As a student of Bagua and Xingyi, they are not collective referred to as "Chinese boxing."  "Chinese boxing" refers to _every_ method of empty handed fighting originating in China.  Bagua and Xingyi are simply Bagua and Xingyi...  Unless they're not...   :uhyeah: 

As for no one respecting you because of your age...  Hmmm...   :idunno: If you think you deserve respect, it may be a sign that you still have some growing to do as a martial artist.  It is frustrating, to be sure, to have someone question your physical skill regardless of your age (there are many older practitioners quite capable of besting people 3 and 4 decades their junior), but to demand respect demonstrates a lack of humility (one of the traits that is cultivated through many years of MA training).  You might want to rethink that stance as well, and just be yourself.  A teacher I held in high esteem when I was younger once told me "Don't try to impress me.  You can't.  I've simply seen too much for you to do something new enough, unique enough, to impress me.  Don't try to impress anyone.  Just *be* impressive.  That'll do."

Good advice, and it has served me well.

 :asian:


----------



## RHD (Jun 9, 2004)

Matt Stone said:
			
		

> "Movie Fu" is one of the greatest detriments to the acceptance of Chinese martial arts as legitimate fighting arts.
> 
> FTD - You "hit like an Agent?"  I'd say that, at the age of 23, you might have a need to relate to those who might be attracted to you as a teacher, but in dealing with the public at large statements like that will earn you nothing but criticism.
> 
> ...



Very well put Mr. Stone. :supcool: 

Mike


----------



## 7starmantis (Jun 9, 2004)

I second that, very well stated.

7sm


----------



## FasterthanDeath (Jun 9, 2004)

In my post to me "hitting like an agent", it was just to prove my point on people who dont know the sacrifice it takes in CMA to be that "Impressive". And as far as me impressing anyone, I dont really care about impressing anyone or really being impressive, I would rather be Effective, and complete. Being impressive denotes a little bit of flare to what is called self-defense. I stopped trying to impress people at my first tourney when I was 10. The look on the judges faces were like they were bored out of their minds!!!! Alot of people always questions no matter what, your skill and what you know, and always like to add in the "What if" factor and that you cant stop that if I do this. Its the slander. Its the lying. The simple fact that I was trained very well and I can do what I say I can do. People being afraid of me, thats what I dont like. I cant control any of it. I just dont like it. But like I said in the thread which deals with this topic. When you see a Shaolin child move and fight like nothing you have ever seen before noone questions him/her. Hey you cant do that. Your in Shaolin? No your not. Your too young. You cant do those things. Yes they can. I think by underestimating that, you are not a very good MA. Thats just my opinon.


----------



## Matt Stone (Jun 9, 2004)

*FasterthanDeath* - 

I've tried to be civil and address your posts as politely as I am able, however the nature of your posts, the nature of your claims, are making me rapidly believe that you spend far too much time in a fantasy world of martial arts stories, and too little time training in a real school with a real teacher.

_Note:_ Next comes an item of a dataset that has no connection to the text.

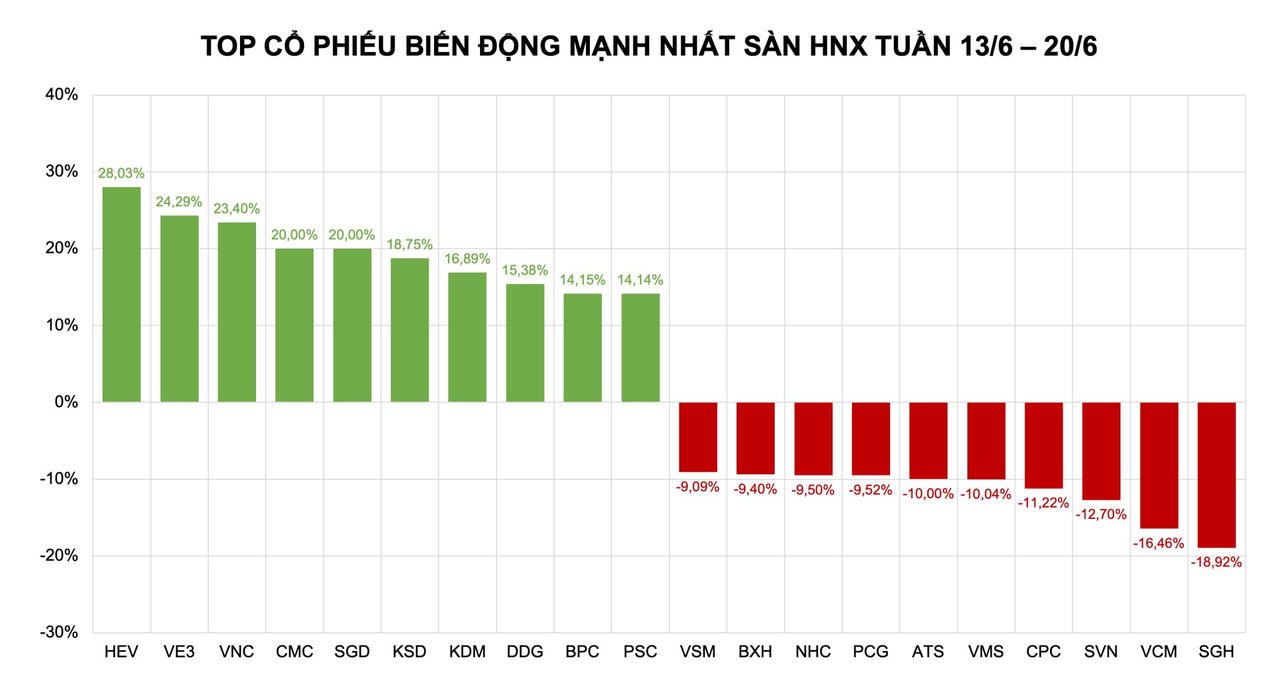 Tương tự HoSE, dòng tiền trên sàn HNX cũng hướng mạnh vào nhóm penny. Top 10 cổ phiếu tăng mạnh nhất tuần gồm HEV (+28,03%), VE3 (+24,29%), VNC (+23,40%), CMC (+20%), SGD (+20%), KSD (+18,75%), KDM (+16,89%), DDG (+15,38%), BPC (+14,15%) và PSC (+14,14%).

Having spent a very long time pursuing my MA training, I can say that young wannabe masters, idolizing fans of Bruce, Jet and other Lee's, starry eyed idealists who yearn for a time romanticized in film, contribute to what this thread first started discussing - the decline of Chinese martial arts.

Too many movie-fu students who believe what they do is real.  Too many Dungeons and Dragons players who can't see the boundary between fantasy and reality.  Too many disenfranchised youths who want to find a niche in society, no matter how far removed, in which to "belong."

Real martial arts, real "kung fu," is nowhere near that glamorous nor dramatic.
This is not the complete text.